BRIEF
Only an exact repetition of the lines from the one holding "坐标网讯 5月8日,盐阜大众" to the end of the data is wanted, with pictures left out.

[MATERIAL TO PROCESS — start]

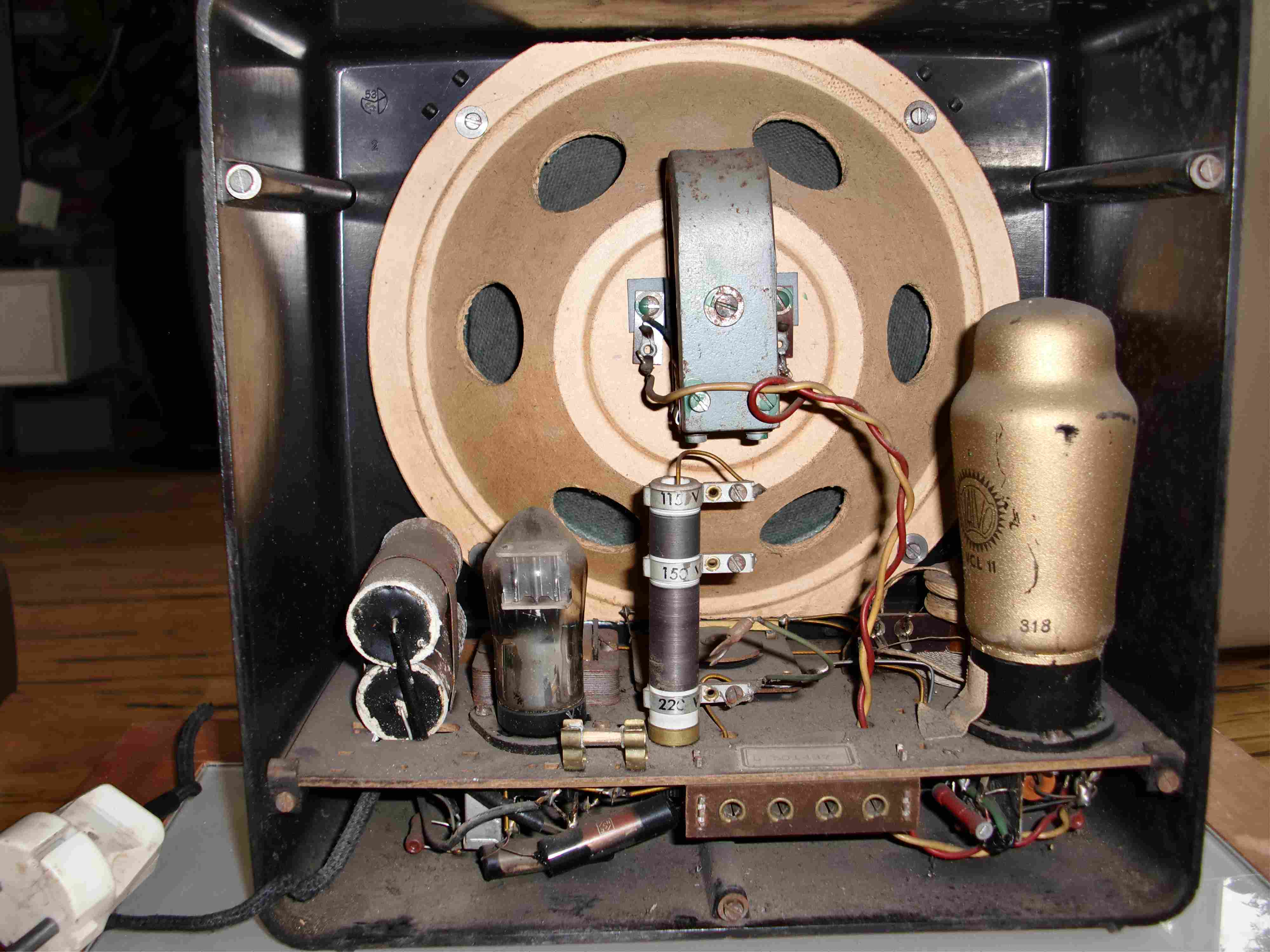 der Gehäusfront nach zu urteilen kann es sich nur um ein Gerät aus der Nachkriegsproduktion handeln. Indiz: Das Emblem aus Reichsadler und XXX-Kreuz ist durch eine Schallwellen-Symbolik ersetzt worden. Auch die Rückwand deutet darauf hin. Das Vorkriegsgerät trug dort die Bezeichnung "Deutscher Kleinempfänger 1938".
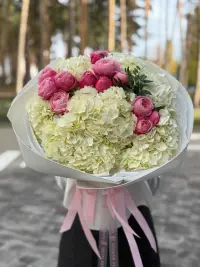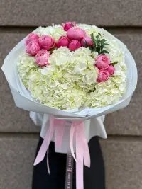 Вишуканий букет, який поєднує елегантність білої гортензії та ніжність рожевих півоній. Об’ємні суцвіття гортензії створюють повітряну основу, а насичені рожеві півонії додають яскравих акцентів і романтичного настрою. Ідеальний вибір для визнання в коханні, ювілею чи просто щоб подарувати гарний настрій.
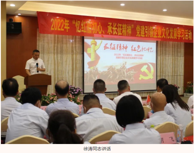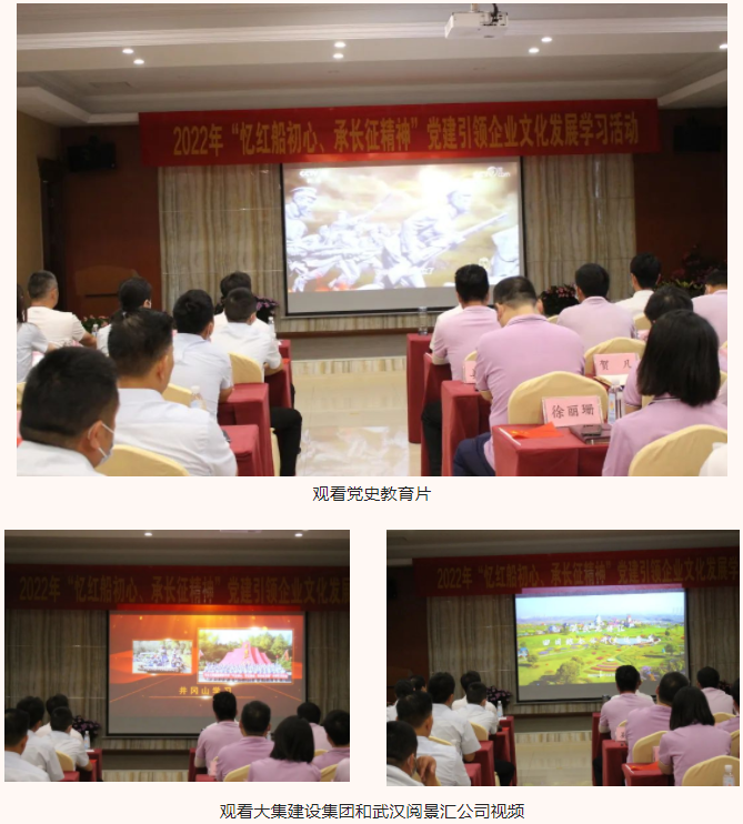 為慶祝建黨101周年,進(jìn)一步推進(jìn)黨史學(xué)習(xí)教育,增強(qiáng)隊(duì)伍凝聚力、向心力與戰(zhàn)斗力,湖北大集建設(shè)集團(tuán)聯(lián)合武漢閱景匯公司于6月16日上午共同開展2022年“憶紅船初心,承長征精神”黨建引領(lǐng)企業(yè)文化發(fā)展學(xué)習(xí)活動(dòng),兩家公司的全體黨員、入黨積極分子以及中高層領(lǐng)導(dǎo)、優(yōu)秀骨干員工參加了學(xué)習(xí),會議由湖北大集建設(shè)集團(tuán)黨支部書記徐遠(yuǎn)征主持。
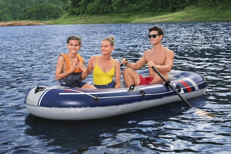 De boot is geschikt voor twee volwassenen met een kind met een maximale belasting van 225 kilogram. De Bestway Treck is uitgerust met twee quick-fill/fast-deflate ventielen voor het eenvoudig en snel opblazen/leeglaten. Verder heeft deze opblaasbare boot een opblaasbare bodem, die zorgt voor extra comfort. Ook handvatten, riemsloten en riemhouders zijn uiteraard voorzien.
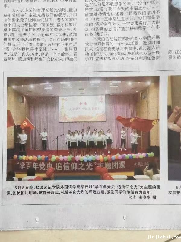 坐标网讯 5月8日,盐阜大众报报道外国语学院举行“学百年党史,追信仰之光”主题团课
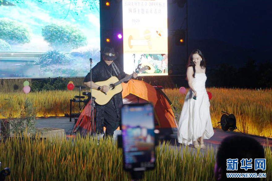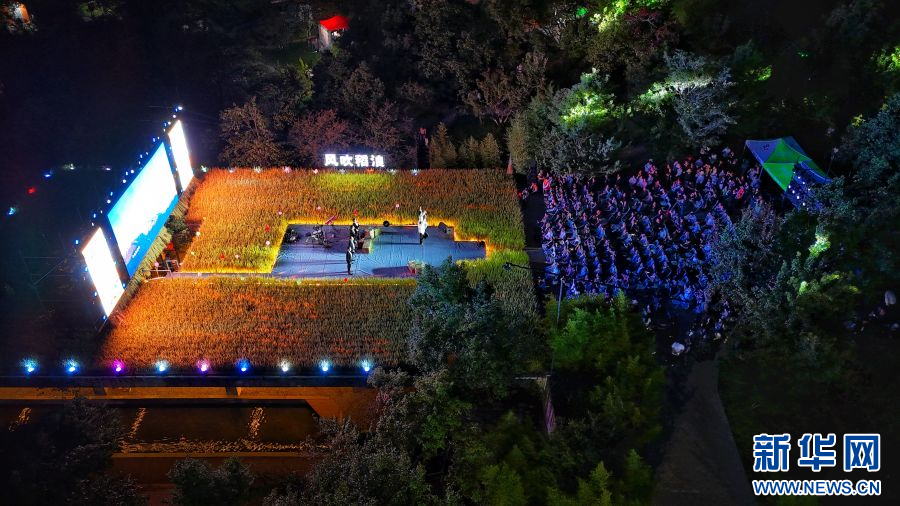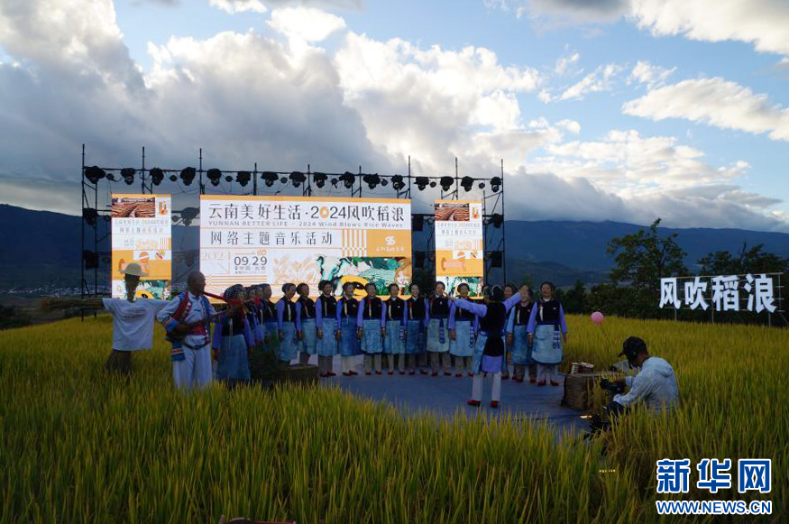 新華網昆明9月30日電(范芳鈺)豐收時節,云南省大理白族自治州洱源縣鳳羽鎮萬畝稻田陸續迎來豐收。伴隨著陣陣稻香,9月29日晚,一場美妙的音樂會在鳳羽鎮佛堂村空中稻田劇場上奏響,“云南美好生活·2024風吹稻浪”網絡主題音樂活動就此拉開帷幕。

[MATERIAL TO PROCESS — finish]

EXERCISE RESPONSE
 坐标网讯 5月8日,盐阜大众报报道外国语学院举行“学百年党史,追信仰之光”主题团课
 新華網昆明9月30日電(范芳鈺)豐收時節,云南省大理白族自治州洱源縣鳳羽鎮萬畝稻田陸續迎來豐收。伴隨著陣陣稻香,9月29日晚,一場美妙的音樂會在鳳羽鎮佛堂村空中稻田劇場上奏響,“云南美好生活·2024風吹稻浪”網絡主題音樂活動就此拉開帷幕。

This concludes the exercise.